Numerous large organizations have switched to Unicode. This document will point you to resources that will assist your migration to Unicode.
A migration to Unicode involves more than just converting your HTML or XHTML templates to an appropriate Unicode encoding. Yo will need to plan your migration. Internal data sorces will need to be converted to Unicode and external data sources may been to be transcoded before integration into your site. You also need to know the state of Unicode support in software components you rely on.
Detailed information is available in the article on Unicode migration
How well is Unicode supported for my end users?
This depends on:
- browser support
- suitable fonts
- rendering software
Modern browsers support Unicode:
- Internet Explorer
Although many mobile phones support UTF-8, some do not. Additionally, if they use a legacy encoding, which encoding may vary with different devices. Investigation is required if you are targeting a large mobile phone market.
What do I need to do?
Convert X/HTML, XML and CSS files to UTF-8
Unicode has three main encodings: UTF-8, UTF-16, UTF-32. UTF-8 is the Unicode encoding consistently used for web pages.
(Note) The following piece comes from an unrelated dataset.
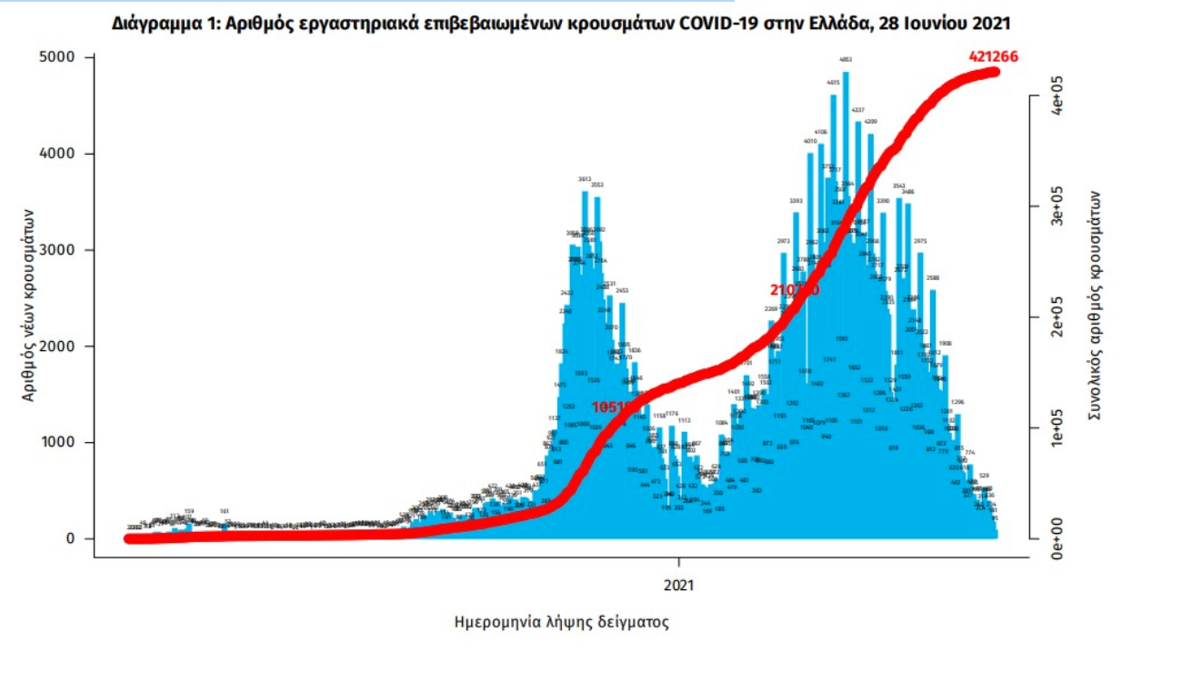 Τα νέα εργαστηριακά επιβεβαιωμένα κρούσματα της νόσου που καταγράφηκαν τις τελευταίες 24 ώρες είναι 362, εκ των οποίων 11 εντοπίστηκαν κατόπιν ελέγχων στις πύλες εισόδου της χώρας. Ο συνολικός αριθμός των κρουσμάτων ανέρχεται σε 421.266 (ημερήσια μεταβολή +0.1%), εκ των οποίων 51.2% άνδρες.

It provides:
- Better compatibility with legacy data, where that legacy data uses ASCII as the 128 codepoints in ASCII match the first 128 codepoints in UTF-8.
- No byte order problems.
It is necessary to:
- Convert data to an appropriate Unicode encoding.
- Declare the encoding in HTML, XHTML, XML and CSS files.
- Ensure that your server does the right thing; check HTTP Response header.
- Test your web site.
You will need to specify the encoding of your documents. There is a tutorial on Character sets & encodings in XHTML, HTML and CSS. Basic principles are:
For HTML and XHTML served as text/html: always use a <meta> element
For XHTML served as text/html: where practical use an XML declaration with an encoding attribute
For XML files and XHTML served as XML: always use an XML declaration with an encoding attribute
For CSS style sheets: use the @charset rule
Other useful documents include:
Convert scripts and database tables to Unicode
Unicode offers three encoding forms: UTF-8, UTF-16, and UTF-32. The software and databases you use may require specific Unicode encodings. Although UTF-8 is used as the encoding for web pages, UTF-16 is often used in the back-end.
Marking up the primary language of a document and any change of language of a document is good internationalization proactice. It can also be critical to correctly culturally appropriate rendering of CJK data.